Boeing’s already sluggish aircraft delivery schedule has now screeched to a near halt. Bank of America analysts say the battered aircraft manufacturer is experiencing sharper delivery delays as a result of an ongoing strike against the company.
Citing data from aircraft data analyst Aero Analysis Partners, BofA analyst Ronald Epstein and colleagues said in a Sunday note that only one 737 jet and one 787 jet have been delivered as of mid-October. One other 737 has completed a customer acceptance flight, a test flight used to evaluate the function of the plane before it is delivered. No aircrafts expected to be delivered to Chinese airlines—where Boeing is expected to deliver 8,500 new planes over the next 20 years—have completed a customer acceptance flight this month.
BofA expects Boeing deliveries to hover in the single-digits this month and maintains a neutral rating of the airline.

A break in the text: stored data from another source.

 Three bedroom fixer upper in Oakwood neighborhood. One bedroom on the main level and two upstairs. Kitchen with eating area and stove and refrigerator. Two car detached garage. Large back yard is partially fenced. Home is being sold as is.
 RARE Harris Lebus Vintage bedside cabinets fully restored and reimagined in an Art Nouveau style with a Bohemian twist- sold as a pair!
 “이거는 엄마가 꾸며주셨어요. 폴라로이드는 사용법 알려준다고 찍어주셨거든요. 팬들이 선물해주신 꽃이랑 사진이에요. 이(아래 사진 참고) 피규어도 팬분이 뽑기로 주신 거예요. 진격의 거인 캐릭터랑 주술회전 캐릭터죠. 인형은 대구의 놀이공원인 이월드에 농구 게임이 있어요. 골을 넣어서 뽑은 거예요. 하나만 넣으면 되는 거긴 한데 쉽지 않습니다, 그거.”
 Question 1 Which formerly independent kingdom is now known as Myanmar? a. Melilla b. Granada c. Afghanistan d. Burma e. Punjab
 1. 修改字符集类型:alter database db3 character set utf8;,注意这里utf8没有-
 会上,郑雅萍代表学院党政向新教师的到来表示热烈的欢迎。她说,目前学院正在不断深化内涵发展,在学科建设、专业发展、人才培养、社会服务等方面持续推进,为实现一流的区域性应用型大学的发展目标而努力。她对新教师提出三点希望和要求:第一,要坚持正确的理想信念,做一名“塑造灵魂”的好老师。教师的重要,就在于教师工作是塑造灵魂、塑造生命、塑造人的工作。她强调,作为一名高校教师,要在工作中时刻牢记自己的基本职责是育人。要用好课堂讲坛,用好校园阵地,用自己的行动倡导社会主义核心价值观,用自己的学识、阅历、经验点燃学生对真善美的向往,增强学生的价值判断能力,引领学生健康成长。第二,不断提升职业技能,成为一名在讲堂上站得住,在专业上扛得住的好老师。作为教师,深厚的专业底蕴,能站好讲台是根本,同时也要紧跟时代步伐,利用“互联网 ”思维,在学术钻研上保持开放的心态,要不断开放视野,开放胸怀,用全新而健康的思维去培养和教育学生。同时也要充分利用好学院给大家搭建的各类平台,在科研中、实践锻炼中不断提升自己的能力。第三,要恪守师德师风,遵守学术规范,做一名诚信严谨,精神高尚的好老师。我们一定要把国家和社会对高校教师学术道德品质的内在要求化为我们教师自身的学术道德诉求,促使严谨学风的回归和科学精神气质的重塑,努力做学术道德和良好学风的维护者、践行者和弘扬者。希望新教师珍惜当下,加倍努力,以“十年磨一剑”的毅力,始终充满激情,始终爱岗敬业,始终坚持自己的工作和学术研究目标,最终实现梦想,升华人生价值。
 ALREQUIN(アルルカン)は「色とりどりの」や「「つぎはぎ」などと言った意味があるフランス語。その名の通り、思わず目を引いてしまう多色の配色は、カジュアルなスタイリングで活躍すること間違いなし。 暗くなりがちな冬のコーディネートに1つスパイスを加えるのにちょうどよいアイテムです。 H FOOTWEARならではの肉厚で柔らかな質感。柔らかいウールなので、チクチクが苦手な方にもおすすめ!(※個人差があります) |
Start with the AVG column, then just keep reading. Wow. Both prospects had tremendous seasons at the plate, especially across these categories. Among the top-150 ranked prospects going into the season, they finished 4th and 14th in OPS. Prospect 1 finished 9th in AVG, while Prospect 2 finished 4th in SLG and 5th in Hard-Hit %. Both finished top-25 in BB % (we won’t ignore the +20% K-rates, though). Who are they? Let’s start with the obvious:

The delivery standstill is a symptom of the ongoing strike of 33,000 workers that began on Sept. 13, with workers demanding a 40% wage increase over four years and that the company manufactures its yet-to-be-announced new commercial aircraft at its unionized Washington factory. The fallout from the monthslong strike has accounted for an estimated $1 billion reduction in the U.S. GDP and has forced Boeing to consider selling up to $15 billion of new stock to account for the losses.
The strike has been troubling for Boeing’s aircraft delivery schedule in particular, which has already been impaired for years due to pandemic-era supply-chain hiccups and labor shortages. Boeing confirmed to Fortune last month it halted aircraft production of the 737 MAX, 767, 777/777X, P-8, KC-46A Tanker, and E-7 Wedgetail at its unionized Washington plant.
“Work at our Fabrication sites in Washington and Oregon will also temporarily pause,” a Boeing spokesperson said. “Employees not represented by this union will continue to report to work as normal.”
Boeing’s ‘doom loop’
Prior to the strike, Boeing was already reeling after a door plug blew off a 737 MAX in January that led to a scathing probe from the Federal Aviation Administration, which found systemic lapses in manufacturing procedures. Former CEO Dave Calhoun left the company in July, opening the door to new boss Kelly Ortberg, the former chief of aerospace giant Rockwell Collins, who emerged from retirement to lead the aircraft manufacturer.
Since his arrival, Ortberg has taken aggressive action to stop the bleeding at Boeing, including removing the head of its troubled defense and space division. His last-ditch effort to avoid a strike ultimately backfired, and the company announced last week it would slash 10% of its workforce, or about 17,000 employees.